Ask Ubuntu Asked by lbo on March 2, 2021
I’m trying to customize the list of GNOME Shell favorite apps that all new users will get by default in their dash in Ubuntu 18.04 Bionic Beaver. Based on instructions from the GNOME System Administration Guide, I created a profile and a keyfile to customize the favorite-apps key of GNOME Shell in a global system database.
sudo su
# Create profile "user"
cat>/etc/dconf/profile/user<<"eof"
user-db:user
system-db:local
eof
# Create keyfile for system database "local"
mkdir /etc/dconf/db/local.d
cat >/etc/dconf/db/local.d/01-favorite-apps<<"eof"
[org/gnome/shell]
favorite-apps=['firefox.desktop', 'thunderbird.desktop', 'emacs25.desktop']
eof
dconf update
exit
The problem is that when I create a new user and this user then logs in for the first time, a new user database seems to be created automatically in $HOME/.config/dconf/user which has Ubuntu’s default settings for the favorite-apps key. My global defaults from the system database /etc/dconf/db/local are ignored.
When launching dconf-editor as the new user after initial login, the favorite-apps key shows up as modified, but with Ubuntu’s default list (Ubiquity,Nautilus etc.):
I should add that the unexpected content of $HOME/.config/dconf/user does not come from /etc/skel.
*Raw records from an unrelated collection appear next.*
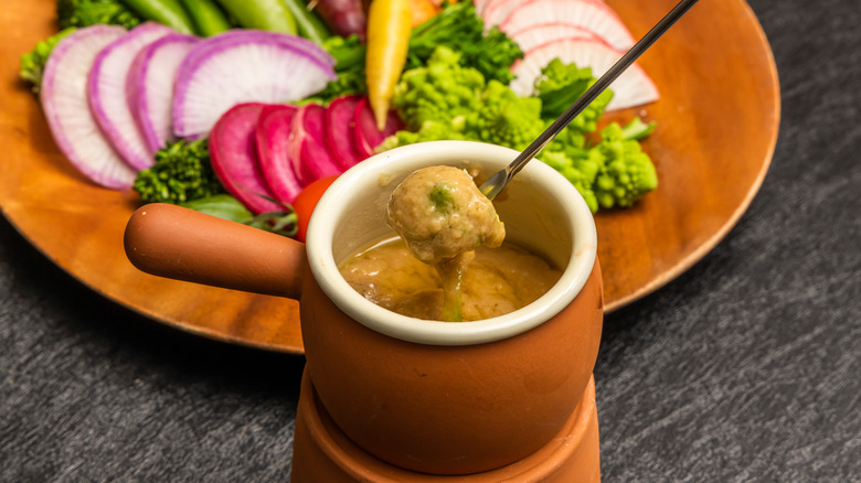 The savory dip is typically served hot, in a terracotta pot with a small flame, which helps keep the dip warm and melted. Raw or cooked vegetables are used as dipping vessels and thick pieces of bread are used as edible napkins to absorb anything that drips off the veggies. According to local Piedmont etiquette, bread should not be dipped in the oily dip, because it will soak up too much sauce. Diners should also avoid double-dipping.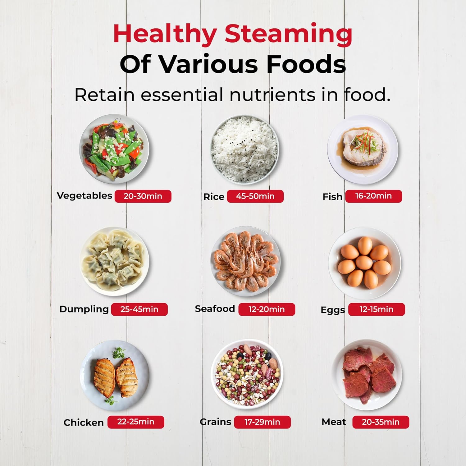 - COOK A VARIETY OF FOODS -- Perfect for Weekly Meal Preps: Food steam cooker allow you to cook a wide range of foods simultaneously, ideal for steaming rice, vegetables, meat and fish, which provides one of the healthiest ways to cook for dinner, minimize the loss of nutrients and vitamins. Especially good for baby. This steamer can do it all. Make a delicious full meal for your family within minutes.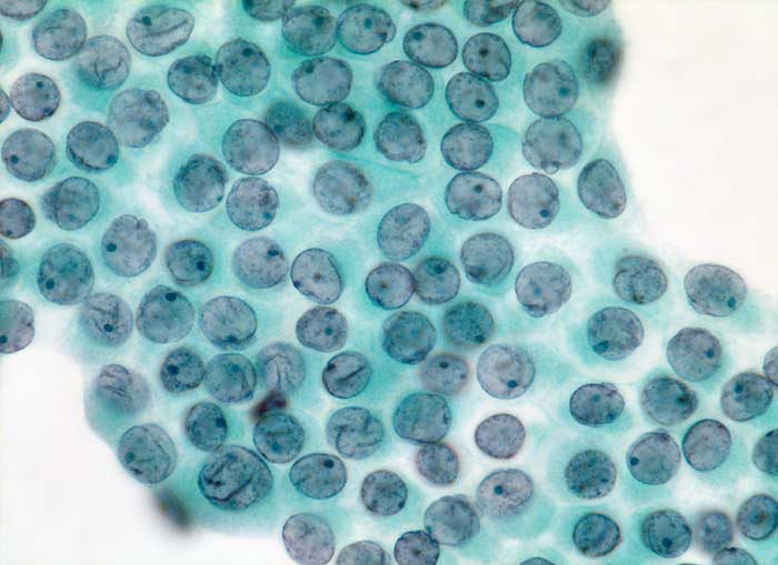 Feinnadelpunktion Schilddrüse: Tumorzellverband ohne Kolloid. Typische Kernmorphologie: helle Kerne mit betonter Kernmembran, feiner Nukleolus, zahlreiche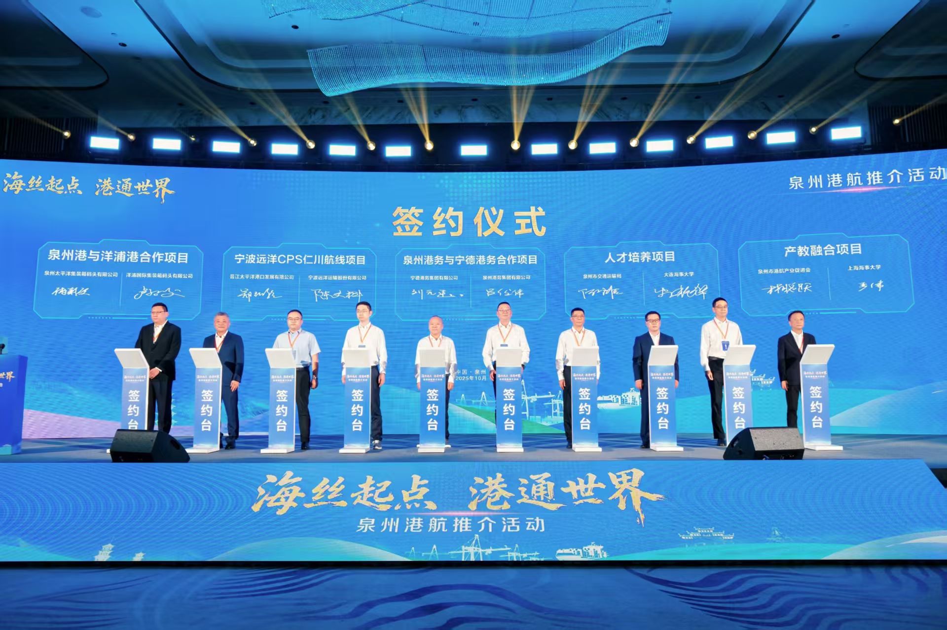 10月23日,由福建省交通运输厅、泉州市人民政府指导,泉州市交通运输局等单位主办的“海丝起点,港通世界”泉州港航推介活动在泉州市举行。福建省交通运输厅、泉州市政府及港航相关企业、金融机构等代表出席。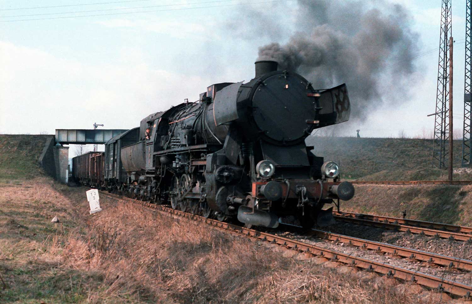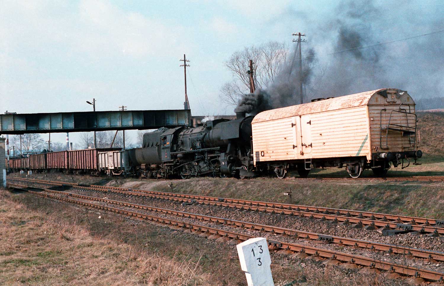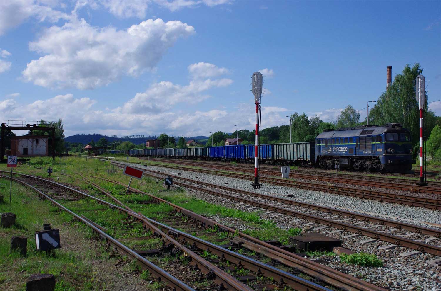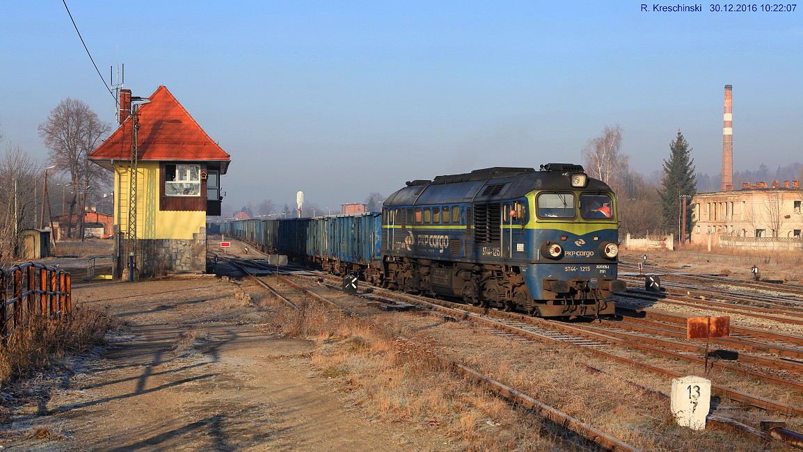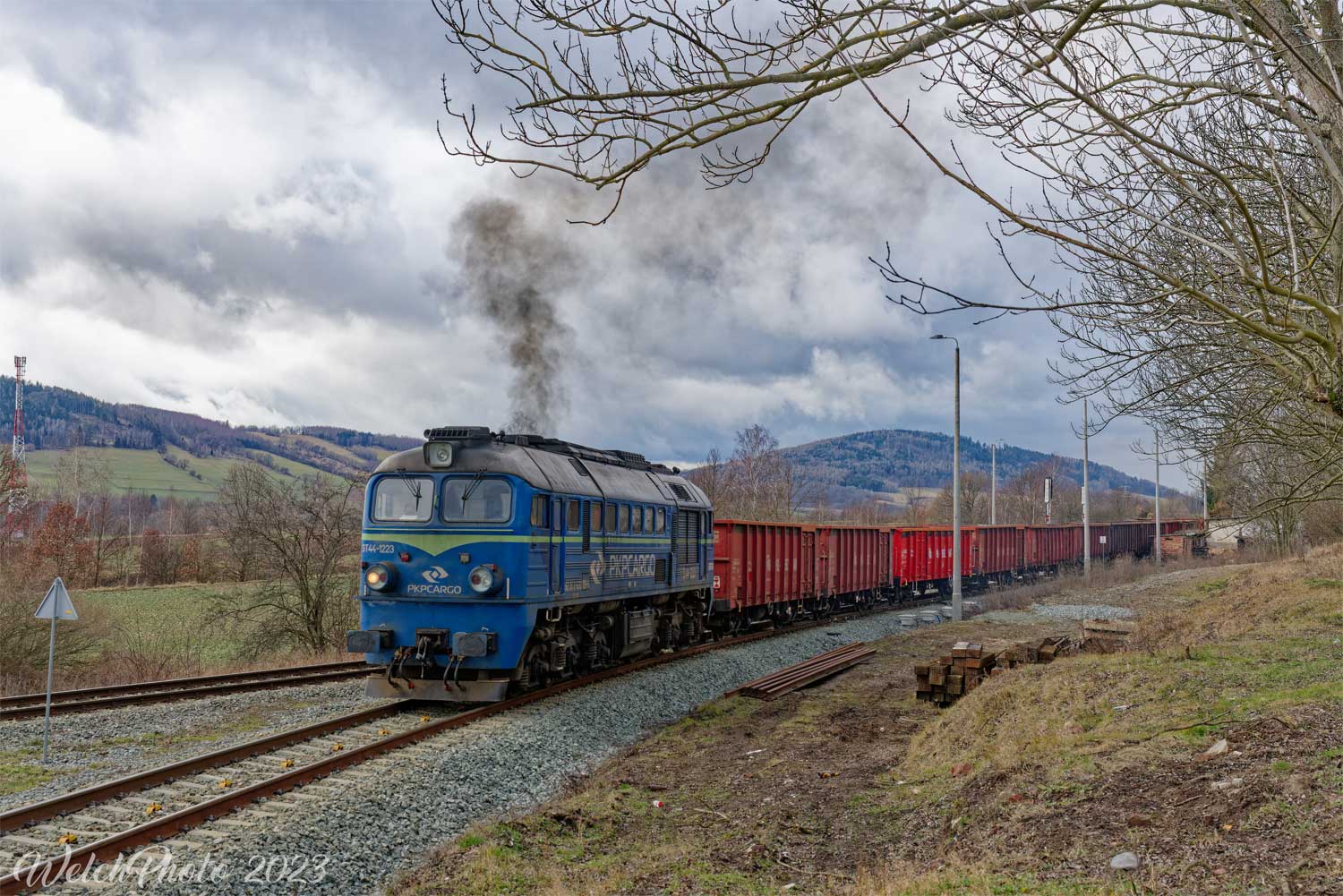 Umsetzten in Scinawka Srednia (Mittelsteine): ST44-1223 rangiert einen Schotterzug aus dem Kleinbahnhof Ścinawka Średnia Dworzec Mały (Mittelsteine Kleinbahnhof) zum Bahnhof.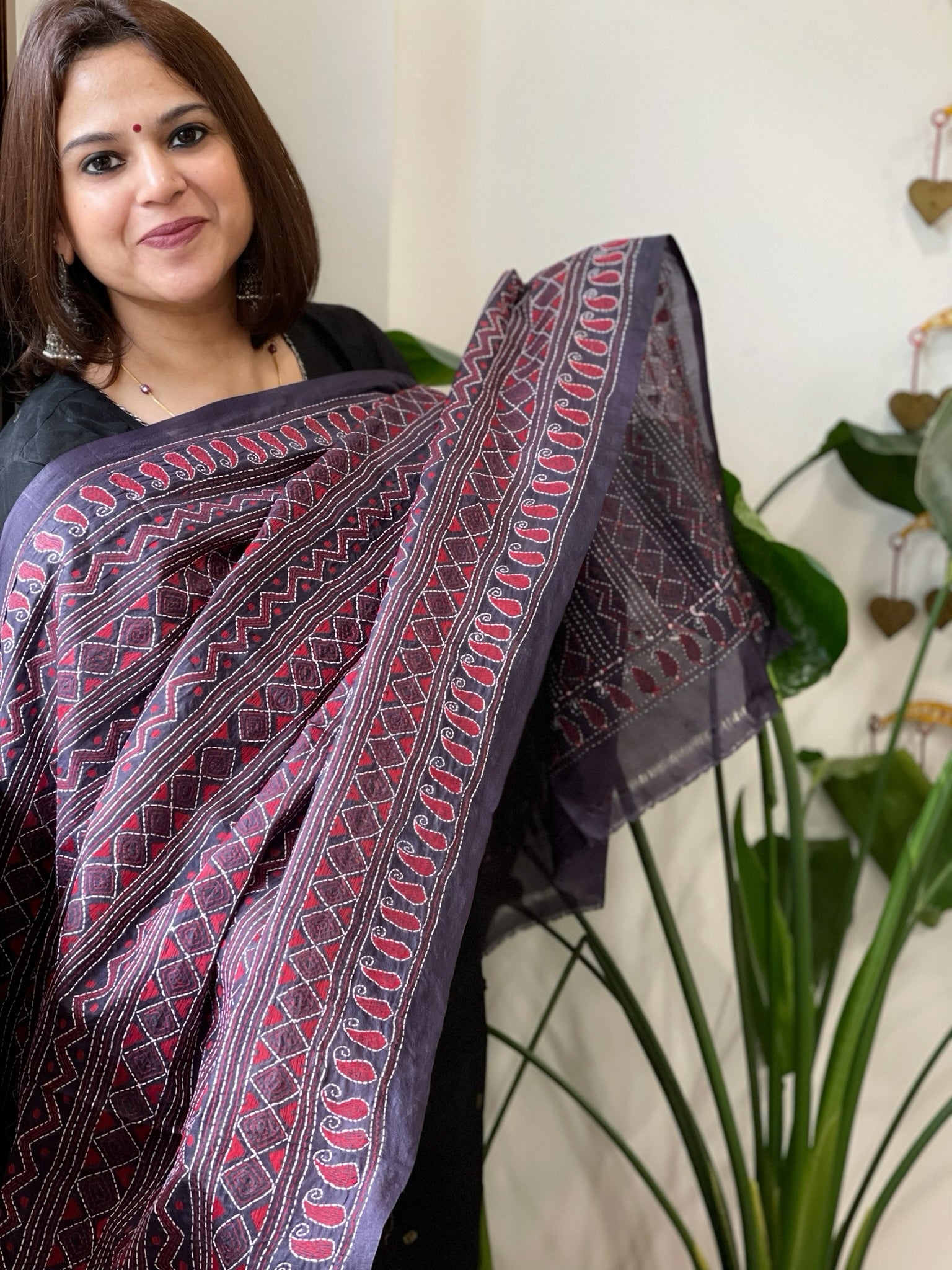 Expertly crafted and truly one-of-a-kind, our Handmade Kantha Dupatta in Silk is a masterpiece. Made from Bangalore silk and beautifully dyed and embroidered by Bengali artisans, each piece is a unique work of art. Elevate your wardrobe with this exquisite accessory.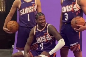 小子挺有地位啊!杰伦-格林坐在C位 布克和狄龙分列左右

That directory only has a .profile, .bashrc, .bash_logout and examples.desktop – nothing GNOME related in there.
Only when the user (or an admin) manually deletes the $HOME/.config/dconf/user file, the global defaults from /etc/dconf/db/local will be applied the next time the user logs in.
What can I do to prevent this manual step and get the desired favorite apps right from start?